"Lillian Gish thought that there should be a cabinet position for the arts and I think she was right. I think she was right"
About this Quote
There’s something quietly radical in how Fay Wray repeats herself: “I think she was right. I think she was right.” It’s not rhetorical flourish so much as insistence, the kind you reach for when you know the audience has been trained to shrug. Wray isn’t delivering a manifesto; she’s lending her plainspoken authority as a working actress to an idea that, in American politics, still gets treated like a nice-to-have.
The name-check matters. Lillian Gish isn’t just “an actress”; she’s early cinema royalty, a figure who helped define what American art on screen could look like before Hollywood became synonymous with industry. By framing the proposal as Gish’s belief, Wray is also invoking a lineage: artists who watched their medium mature, generate national identity, and then get politically minimized as entertainment.

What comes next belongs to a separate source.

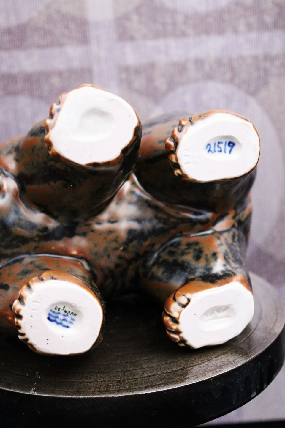 Royal Copenhagen glaseret stentøjsfigur af brun bjørn.

A “cabinet position for the arts” is bureaucratic language, but the emotional pitch underneath is dignity. Wray is arguing for structural recognition: that culture isn’t decorative, it’s infrastructural. The subtext is a frustration with how the U.S. regularly asks artists to be ambassadors, morale-boosters, and mythmakers, then balks at giving the arts real standing in the room where priorities get set.

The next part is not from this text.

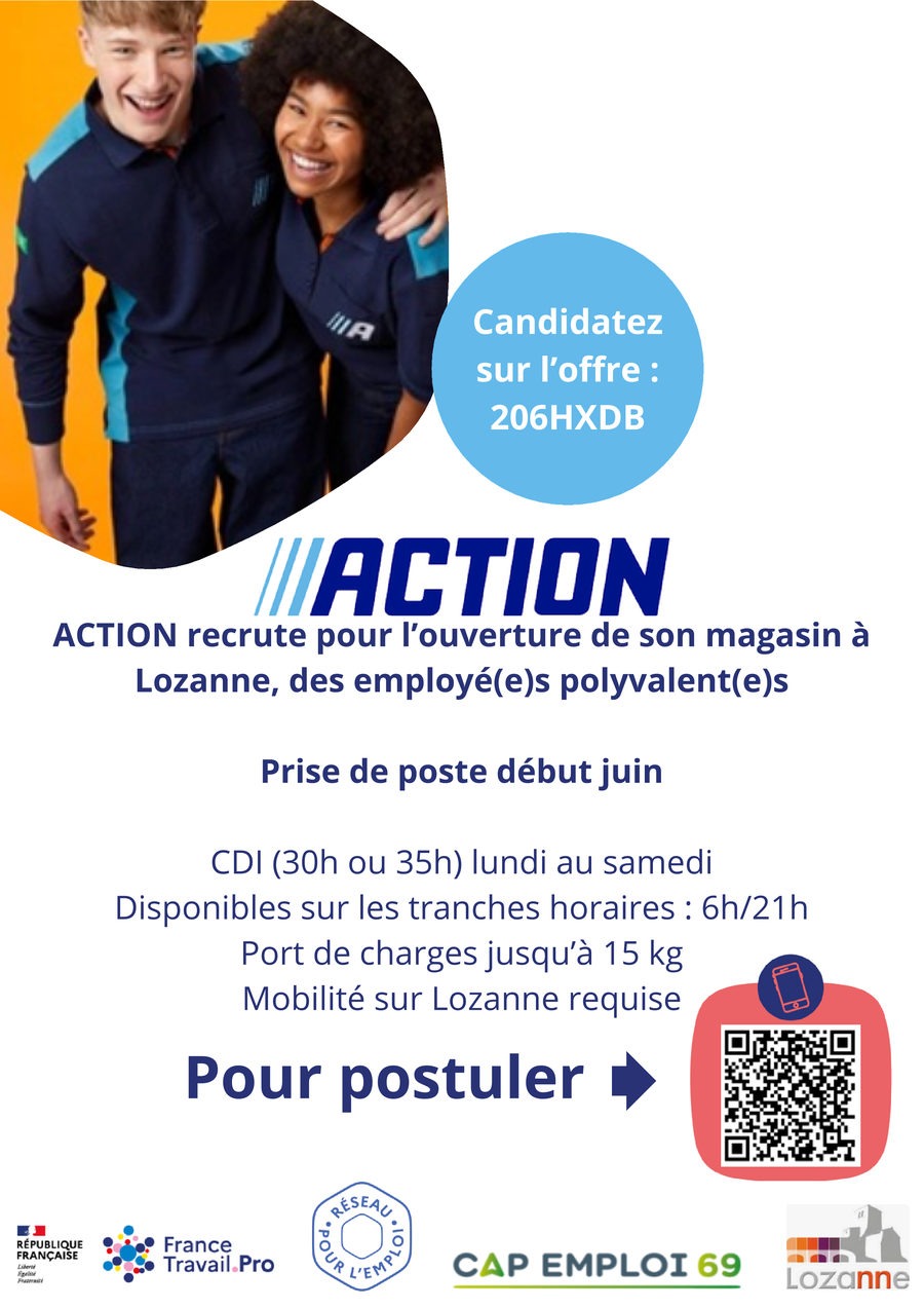 Dans le cadre de son ouverture, ACTION Lozanne recrute plusieurs postes d’employés polyvalents en CDI.

The repetition does another job: it anticipates dismissal. Say it twice, because it will be dismissed twice - as sentimental, as elitist, as frivolous. Wray’s calm certainty pushes back against that reflex. In an era when celebrity opinions are often treated as noise, she uses celebrity the old-fashioned way: as testimony from someone who’s seen what stories do to a country.

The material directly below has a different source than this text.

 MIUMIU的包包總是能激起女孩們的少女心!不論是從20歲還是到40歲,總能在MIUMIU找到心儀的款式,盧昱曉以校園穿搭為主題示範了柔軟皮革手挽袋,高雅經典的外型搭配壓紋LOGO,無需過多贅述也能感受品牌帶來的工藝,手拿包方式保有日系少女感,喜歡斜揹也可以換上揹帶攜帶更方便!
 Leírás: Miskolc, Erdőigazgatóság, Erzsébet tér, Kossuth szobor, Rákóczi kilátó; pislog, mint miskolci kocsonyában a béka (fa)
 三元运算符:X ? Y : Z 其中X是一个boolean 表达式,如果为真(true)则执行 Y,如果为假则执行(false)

The name-check matters. Lillian Gish isn’t just “an actress”; she’s early cinema royalty, a figure who helped define what American art on screen could look like before Hollywood became synonymous with industry. By framing the proposal as Gish’s belief, Wray is also invoking a lineage: artists who watched their medium mature, generate national identity, and then get politically minimized as entertainment.
A “cabinet position for the arts” is bureaucratic language, but the emotional pitch underneath is dignity. Wray is arguing for structural recognition: that culture isn’t decorative, it’s infrastructural. The subtext is a frustration with how the U.S. regularly asks artists to be ambassadors, morale-boosters, and mythmakers, then balks at giving the arts real standing in the room where priorities get set.
The repetition does another job: it anticipates dismissal. Say it twice, because it will be dismissed twice - as sentimental, as elitist, as frivolous. Wray’s calm certainty pushes back against that reflex. In an era when celebrity opinions are often treated as noise, she uses celebrity the old-fashioned way: as testimony from someone who’s seen what stories do to a country.